Malta’s position: defending its model and its role within the EU

In response to the infringement proceedings, the has issued a firm rebuttal. It insists that Bill 55 merely codifies a long-standing public policy approach already recognised under EU law. The MGA stresses that the provision does not prevent individuals from initiating legal action against licensed operators, either in Malta or abroad, nor does it block EU judgments wholesale.

Malta maintains that its gaming framework is fully consistent with European values, particularly the freedom to provide services and the freedom of establishment. The country’s “point-of-supply” model enables operators to provide gaming services across borders, subject to compliance with Maltese regulations and overarching EU principles. From the Maltese perspective, the Bill was necessary to protect the integrity of its legal system and licensed operators from what it views as unfair litigation, often brought by jurisdictions with more restrictive or ideologically driven approaches to gambling.

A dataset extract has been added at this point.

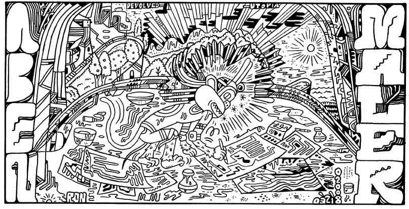 I've been continuously self publishing, and mailing people my xeroxed comics and zines since the early 1990's. I've also published a number of Graphic Novels THE WEAVER FESTIVAL PHENOMENON is the newest, self published in 2018. THE CARTOON UTOPIA and WHAT PARSIFAL SAW are available from Fantagraphics Books. SKIBBER BEE~BYE, AGAINST PAIN, and THE AWAKE FIELD are in print from Drawn and Quarterly.

The legal backdrop to this controversy is a rising wave of lawsuits filed in countries such as Austria and Germany. Several national courts have ordered licensed foreign operators to reimburse player losses, ruling that those companies lacked proper authorisation under domestic law.

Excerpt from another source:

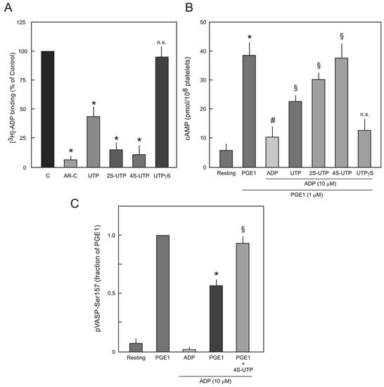 (A) Competitive binding of [3H]-ADP to platelet P2Y12 receptor. Platelets were incubated with 10 nM of [3H]-ADP in the absence (C; control) or presence of saturated concentrations (5x the respective IC50 values) of UTP, 2S-UTP, 4S-UTP, UTPγS and binding of [3H]-ADP to P2Y12 receptor was analysed as described in Section 4.4. AR-C66096 (AR-C; 10 µM; a potent P2Y12 receptor antagonist) was used as positive control. The data are means ± S.E.M of three experiments using independent platelet preparations. * p < 0.05 vs. control. n.s.: not significantly different from control; (B) Effect of UTP thio-analogues on cAMP level in PGE1- and ADP-stimulated human platelets. Different preparations of washed platelets were pre-incubated with PGE1 (1 µM) and UTP analogues (UTP 250 µM; 2S-UTP 100 µM; 4S-UTP 25 µM; and UTPγS 100 µM) for 10 min as indicated followed by stimulation with ADP (10 µM). * p < 0.05 vs. control, # p < 0.05 vs. PGE1, § p < 0.05 vs. ADP; (C) Effect of 4S-UTP on PGE1-mediated VASP phosphorylation (pVASP-Ser157) in ADP-stimulated human platelets. PRP was pre-incubated with vehicle (resting) or PGE1 (1 µM) followed by treatment with ADP (10 µM) or ADP plus 4S-UTP (25 µM) and pVASP-Ser157 was measured by flow cytometry. pVASP-Ser157 in the presence of PGE1-was taken as 1. * p < 0.05 vs. PGE1 alone, § p < 0.05 vs. PGE1 plus ADP.

This trend has given rise to a new legal services industry across the EU, offering players free advice, litigation funding, and compensation schemes based on a growing body of favourable rulings. In response, Malta sees the Bill 55 amendment as a necessary countermeasure to ensure legal certainty for its operators and to defend its economic interests.

MEP Freund’s intervention highlights a broader shift in Europe’s regulatory environment. The question is not simply whether a particular clause complies with EU law, but how Member States can maintain regulatory autonomy in a market that is increasingly integrated, digital and subject to cross-border enforcement.

Malta’s early leadership in this sector is now under pressure—not only from rival jurisdictions but also from legal developments at the EU level. Yet, the concentration of gaming companies in the country should not, in itself, be a cause for suspicion. Rather, it reflects the success of a regulatory framework that has served as a model for two decades.

What is at stake today is Malta’s ability to demonstrate that its approach remains both legitimate and aligned with the evolving legal and political landscape of the European Union.

What lies ahead: potential consequences and broader implications

Malta has until mid-August to respond to the Commission’s formal notice. If its explanation is deemed insufficient, the Commission may proceed to the next phase of infringement proceedings: issuing a reasoned opinion and, ultimately, referring the matter to the Court of Justice of the European Union (CJEU).

The outcome could have far-reaching consequences – not only for Malta’s legal framework, but for the future of regulatory diversity within the EU’s internal market. A ruling against Bill 55 could force Malta to revise or repeal the provision, exposing licensed operators to cross-border legal risk. Conversely, a favourable outcome for Malta would reaffirm the principle that Member States retain discretion to shape their public policy in sensitive sectors such as gambling.

Regulation, sovereignty and the future of gaming in Europe

Daniel Freund’s parliamentary question underscores the delicate balance between national sovereignty and supranational governance in the regulation of gambling. At the heart of the debate is Malta’s ability to defend a pioneering model that has enabled it to become a global iGaming leader, while ensuring compliance with EU law and institutional cooperation.
The months ahead will be pivotal. The European Commission’s next move – and any subsequent ruling by the Court of Justice – could redefine the boundaries of regulatory autonomy and judicial cooperation in Europe’s digital single market. What began as a question about gaming licences may ultimately determine how Europe governs one of its most dynamic and contested industries.